I wanted to take this moment, in the summer of 2023 to say thanks to the thousands of readers of this blog, and the essays that I post regularly (ok, about monthly!) trying to touch on “lessons of leadership and life.” As you can see by the “dashboard” below, I hit the milestone of over 100k pageviews in the past few days, covering the 254 essays that I have posted over the past 14 years.
As I sit here writing essay 255, I think back to the start of this little adventure and how close I came to killing the idea before it started…. I was certainly a reluctant and “doubting blogger” back in march of 2009 when I posted the first essay titled “Legacy” which you can see here: https://fylegacy.blogspot.com/2009/03/legacy.html. At the end of the opening paragraph, I included a line that still rings true today...
“Regardless of age or experience, no one is too old to learn, to grow, to see new insights and I am hopeful that this blog will foster growth in the writer and reader alike.”
This platform has certainly fostered growth for “yours truly” over the years and I am so grateful that I DIDN’T let my own reluctance/doubts/uncertainties stop me from posting that first essay so many years ago! I had left working at The Coca-Cola Company in 2008 (hard to imagine that it has been 15+ years) and as I started to transition to other endeavors, I had some of my old “Coke friends” ask me to share a s few of the stories that I told in meetings back at the company. Like the “Turkey Bag Story” featured in the first essay and the link above, I had a few “old stories” that I had shared over my 18 years at Coke. I had never written them down, so I had no easy way to share them with others. One of the folks asking for the stories kept at it and suggested that I create a blog and post them on-line. It seems crazy today, but at that moment the suggestion of me “writing a blog” seemed ludicrous…. I wasn’t a blog writer sitting in some wayward coffee shop (naïve and insulting!!), I was a corporate exec working towards my next gig… (Bolthouse Farms was still six months away.) Well, my reluctance was worn down over a few months and I posted the first essay, and ultimately five others in March of 2009 thinking that might be the end of it…. a blog of six stories for easy reference… little did I know that almost 250 essays later, decades in the future, I would be sitting here today highlighting all these essays and the 100k pageviews.

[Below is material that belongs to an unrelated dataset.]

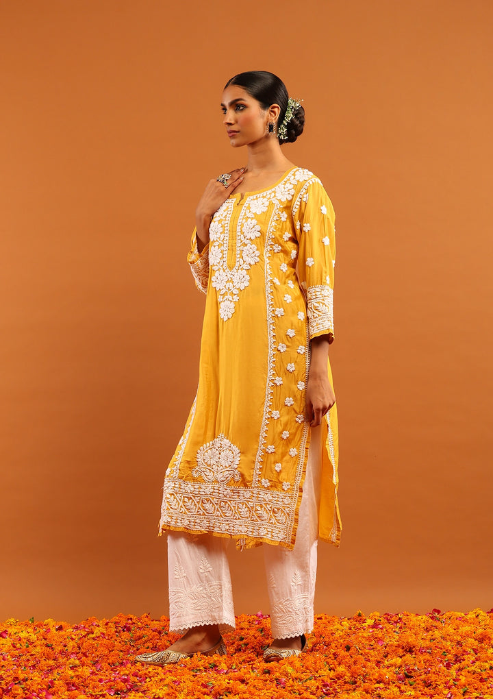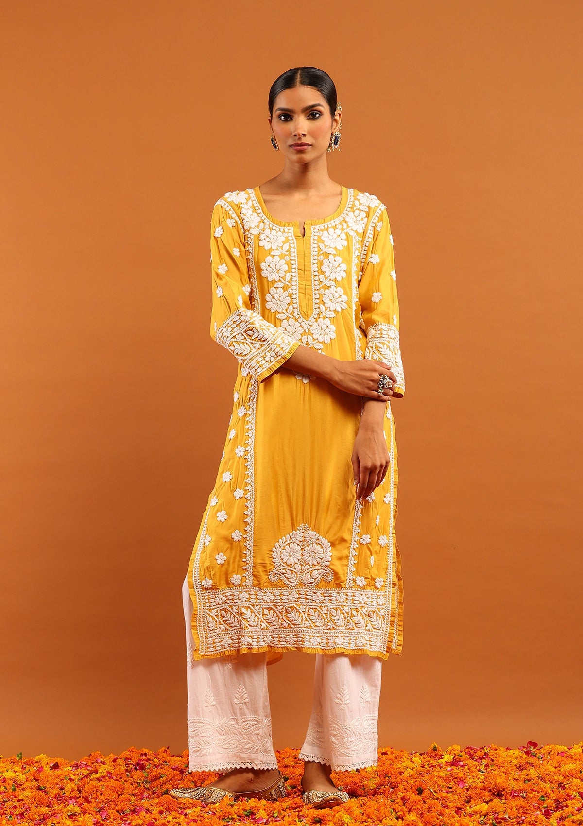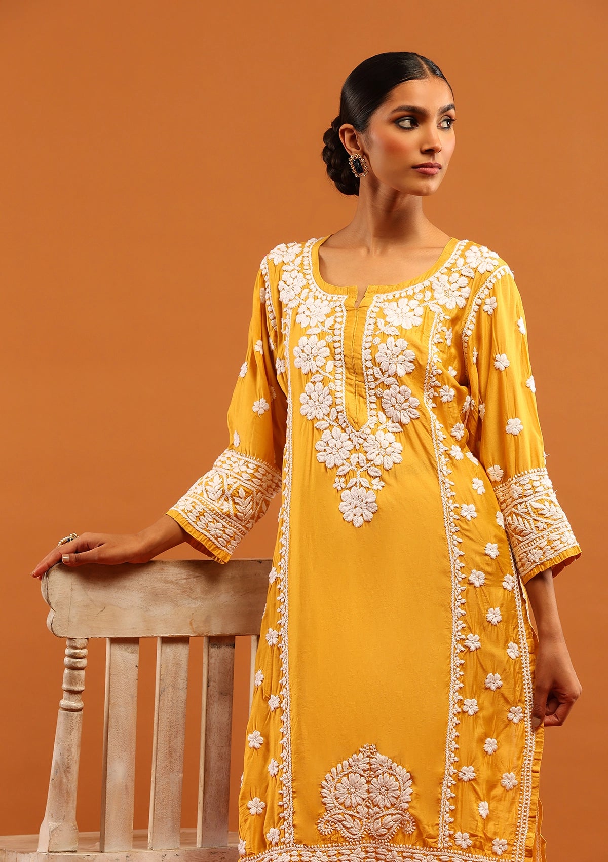HOC Chanderi Chikankari Solid Women's Long Kurta - Mustard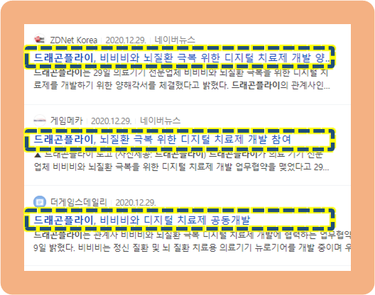 드래곤플라이는 약 20년 동안 쌓아온 게임 산업계 노하우를 통해, 뇌질환 환자 치료법을 개발하는 것이 목적이라고 합니다.

It’s interesting to look back at those first essays, which not only include the “Turkey Bag Story,” but also feature a personal favorite “Aunt Lorraine’s Law,” and one of the most read essays of all the 254 posted “The Three Impact Points of Leadership.” They were relevant then and still resonate today. If you think about the metrics, with 100k page pageviews, and 254 essays posted the average essay would have 394 pageviews (it’s just math.) Well, the bell curve on this blog doesn’t work like that, there are the “Top 10 Most Popular Posts” (you can see them over on the left side of the blog, just scroll down a little) and each of them have more than a 1000 pageviews per essay, many essays have a few hundred pageviews, and there are dozens with less than 50. Some of the “Top 10” were written back in 2009, yet two were written in the past few months. One of the things I have learned through this writing/posting adventure is that you never know what essay/topic will hit home, and literally be shared and read by thousands across the world, and which will be read by 20-30 folks and sit quietly on the sidelines… it’s not up to the writer for sure. Once you post an essay, its literally “out there” and the rest is up to the readers to decide!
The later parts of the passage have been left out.